6.      In view of the lengthy history of this matter, I emphasise that the present hearing is to review the decision of 27 February 2008.  That decision revoked the earlier determination dated 18 October 2007.  Under s19 (3)(f) of the Act, the decision maker determined that the applicant was entitled to 100% of his NWE in view of the fact that he was employed for more than 100% of his (former) normal weekly hours.  It was further determined that he was able to earn an amount in “suitable employment” as a farm manager and was also undertaking the duties of a bus driver during school terms. The amount that he was capable of earning was set at $1,290.40.  The amount of compensation payable under s19 (3) of the Act was therefore calculated as being $679.02 per week.

ISSUES

7.      The Tribunal must determine the following questions:

(1)Whether the amount of normal weekly earnings (NWE) in the formula in section 19 (3) of the Act is to be included in the consideration of the decision under review? and

(2)Whether the determination of 27 February 2008, in relation to the elements of the formula under s19 (3) of the Act, are correct?

BACKGROUND

8.      Mr Warnock was raised on a farm in rural New South Wales.  After a brief period of training towards the priesthood, he was involved in youth welfare work for a period of time.  At approximately age 30, in 1991, he joined the Australian Federal Police.  The evidence shows that he enjoyed his work and was enthusiastic with good communication skills.  His career appears to have been relatively successful and he was promoted to the rank of Sergeant in 1999.  Since that time, he was employed in the Police Support Area which involved attending traumatic scenes involving police officers.  It appears he offered support not only to police but also to some others who were involved in these incidents.  He subsequently served for a period of time in New Guinea over a two year period.  He was disappointed when the AFP contingent in New Guinea was ceased for political reasons.

9.      He subsequently worked in administrative roles and then in the Burglary Task Force.  His involvement and empathy for some young offenders, appears to have brought him into conflict with his superiors.

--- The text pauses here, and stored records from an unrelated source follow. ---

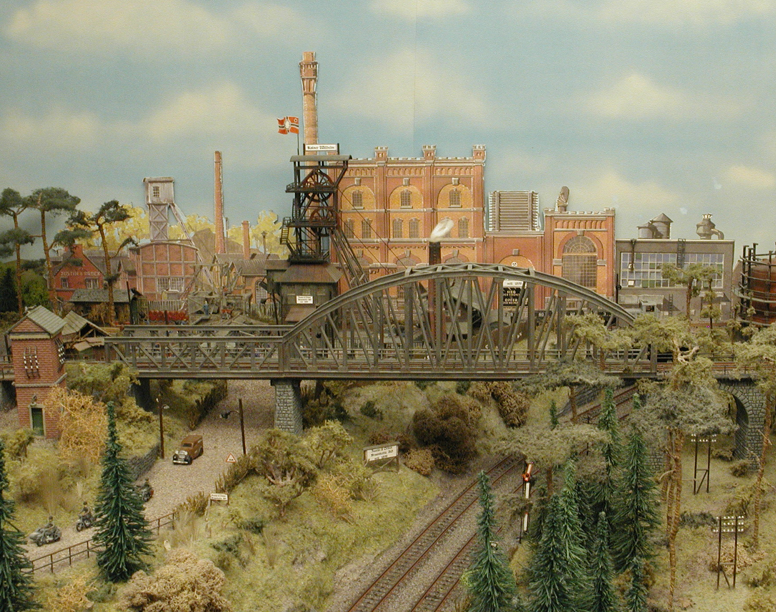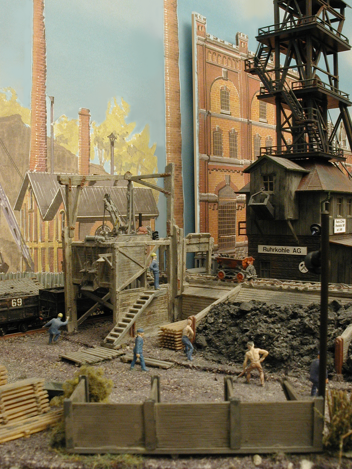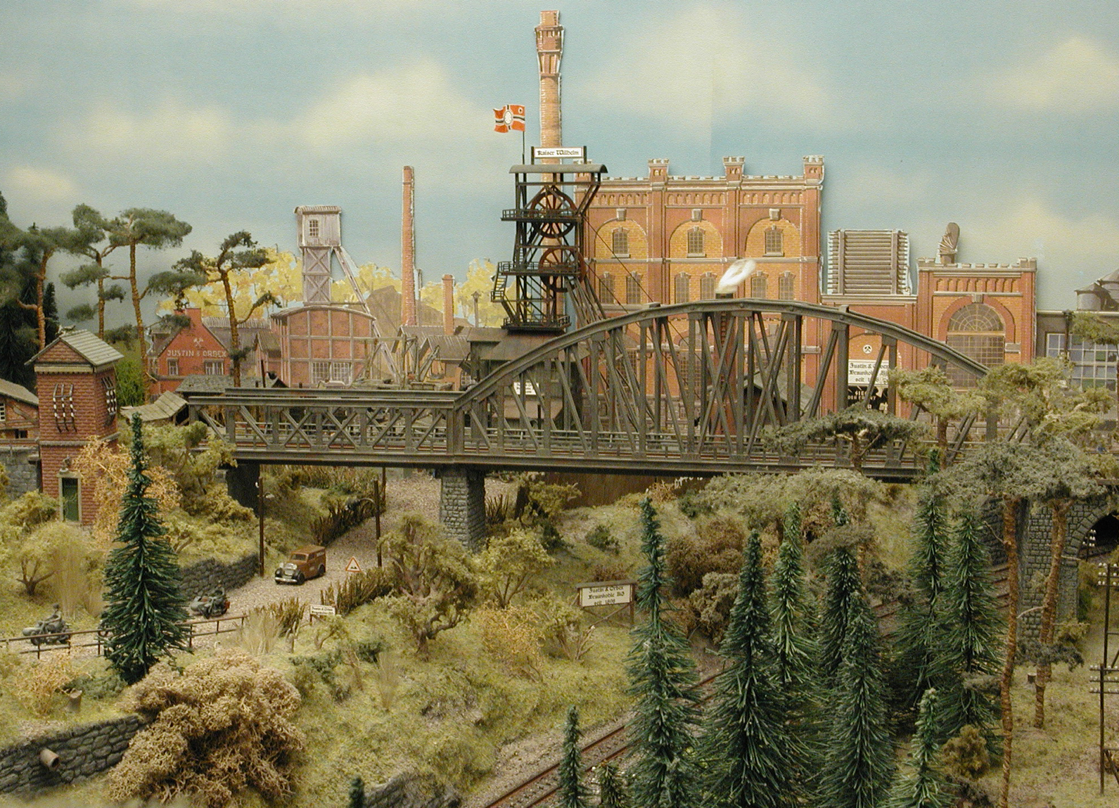 Zechenanlage "Kaiser Wilhelm" Die kleine Zeche "Kaiser Wilhelm II“ mit dem Förderturm ist ein weiterer Blickfang. Die Verladestation der Zeche entstand aus einem Weißmetall-Bausatz (Woodland Scenics) und Kleinteilen aus der "Restekiste". Der Abtransport des schwarzen Goldes erfolgt mit der schmalspurigen Industriebahn. Als Zuglok ist eine HF130C von Bemo im Einsatz. Unterhalb der Bogenbrücke führt die zweigleisige Hauptbahn hindurch. BR 57 2205 (Roco) unterwegs mit einem Güterzug auf der Hauptstrecke. Kurz darauf rauscht der "Fliegende Hamburger“ (Kato) unter der Brücke hindurch... |
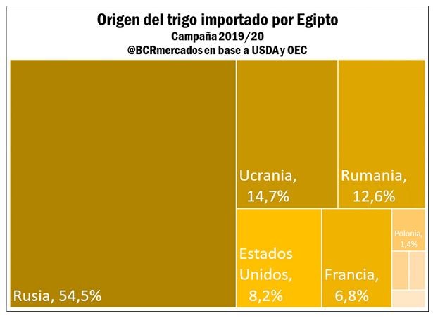 En los últimos años el país de los faraones importó más de 12 Mt de trigo en cada campaña, con expectativas de importar más de 13 Mt en la campaña 2021/22, lo que se proyecta como su mayor nivel importador en la historia. El origen del trigo que se importa hacia Egipto es eminentemente de la región del Mar Negro, con una importante participación no sólo de Rusia y Ucrania, sino también de Rumania.
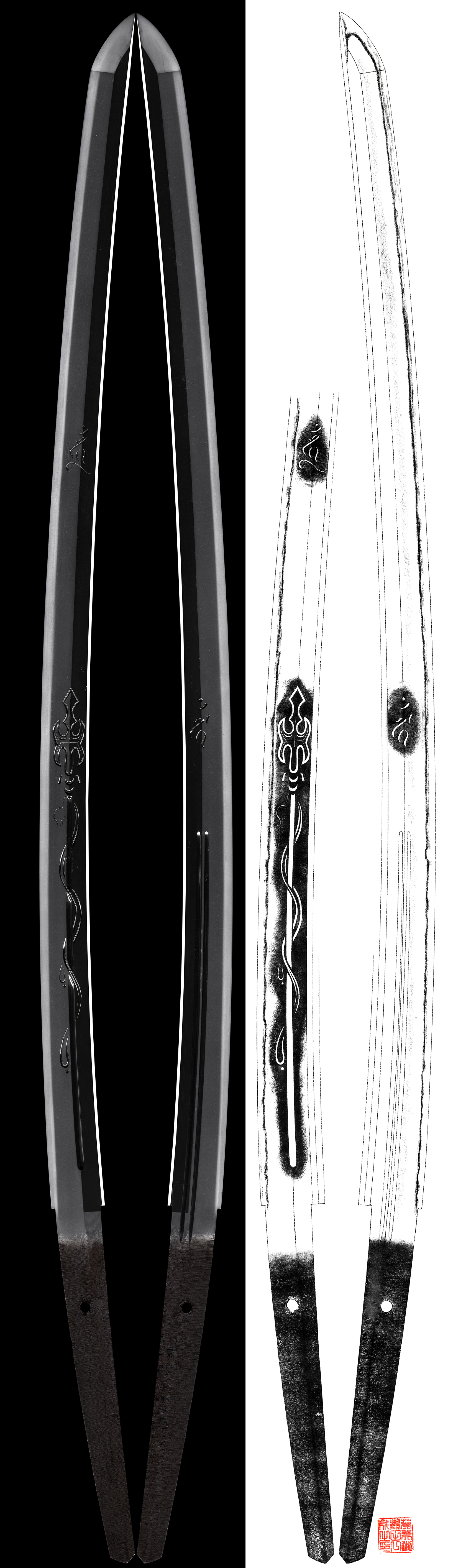 the back, hutasujihi and bonji are engraved.

10.     The medical evidence also indicates that he had been a heavy drinker for a period of time prior to this.  Following his conflict with senior police, his suffered with a mood disorder and went on stress leave in November 2005.

11.     He remained on leave for about 11 months and saw various psychiatrists during that time, both a treating psychiatrist as well as other psychiatrists to provide official reports so that as a Commonwealth employee, his capacity for work and eligibility for compensation could be objectively assessed.  By the end of that period, he had, it appears, decided to seek an alternative career and he sought to acquire a Macadamia farm.  He and his treating psychiatrist both agree that this was useful in enhancing his ability to rehabilitate from his medical condition.

12.     In this period he also sought advice from his accountant and consideration was given to also operating a newsagency.  However, in consultation with his medical advisors, it was thought that his frustration levels might not adapt well to a newsagency.  Consequently, the possibility of pursuing a Macadamia farm was seen to be the best decision in the interests of himself and his family.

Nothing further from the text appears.